BEGIN SUPPLIED DATA

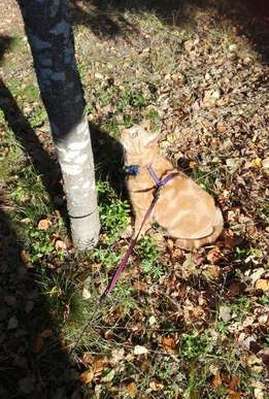 Karannut paikassa Rännänen punatabby leikattu uroskissa. Jalkojen välissä valkoinen alue. Katoamishetkellä päällä violetit valjaat ja sinikirjava kaulapanta, missä tunnistuslaatta. Myös vaaleanpunain…
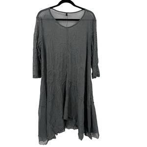 By JJ Midi Dress Sheer Overlay Crinkle Knit Gray Asymmetrical Lagenlook size XL
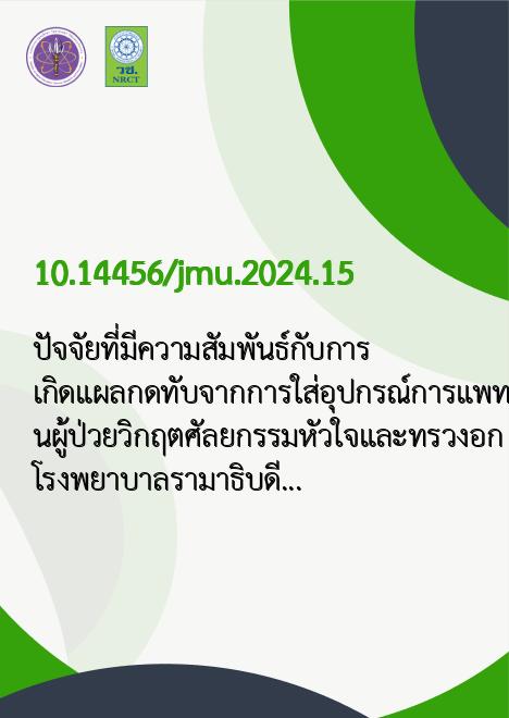 ปัจจัยที่มีความสัมพันธ์กับการเกิดแผลกดทับจากการใส่อุปกรณ์การแพทย์ในผู้ป่วยวิกฤตศัลยกรรมหัวใจและทรวงอก โรงพยาบาลรามาธิบดี มหาวิทยาลัยมหิดล |
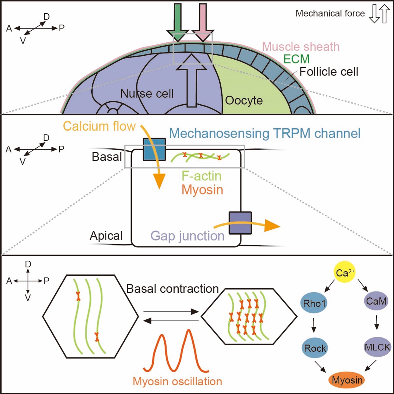研究发现,在果蝇卵巢发育的特定阶段(第9期),快速生长的生殖系细胞会对外层体细胞系的上皮卵泡细胞产生显著的机械压力。这种“来自内部的压力”并非被动存在,而是作为一种发育信号,被体细胞中特异表达的机械敏感钙通道TRPM感知。TRPM通道的激活引发钙离子内流,并通过CaM-MLCK和Rho1-Rok两条信号通路协同调控肌球蛋白II的周期性装配与解离(myosin oscillation),从而驱动卵室沿前-后轴方向的定向延伸。

END SUPPLIED DATA

## ACTIVITY:
An exact transcript of the listing is needed, free of pictures.

## RESULT FOR THIS TASK:
 Karannut paikassa Rännänen punatabby leikattu uroskissa. Jalkojen välissä valkoinen alue. Katoamishetkellä päällä violetit valjaat ja sinikirjava kaulapanta, missä tunnistuslaatta. Myös vaaleanpunain…
 By JJ Midi Dress Sheer Overlay Crinkle Knit Gray Asymmetrical Lagenlook size XL
 ปัจจัยที่มีความสัมพันธ์กับการเกิดแผลกดทับจากการใส่อุปกรณ์การแพทย์ในผู้ป่วยวิกฤตศัลยกรรมหัวใจและทรวงอก โรงพยาบาลรามาธิบดี มหาวิทยาลัยมหิดล |
研究发现,在果蝇卵巢发育的特定阶段(第9期),快速生长的生殖系细胞会对外层体细胞系的上皮卵泡细胞产生显著的机械压力。这种“来自内部的压力”并非被动存在,而是作为一种发育信号,被体细胞中特异表达的机械敏感钙通道TRPM感知。TRPM通道的激活引发钙离子内流,并通过CaM-MLCK和Rho1-Rok两条信号通路协同调控肌球蛋白II的周期性装配与解离(myosin oscillation),从而驱动卵室沿前-后轴方向的定向延伸。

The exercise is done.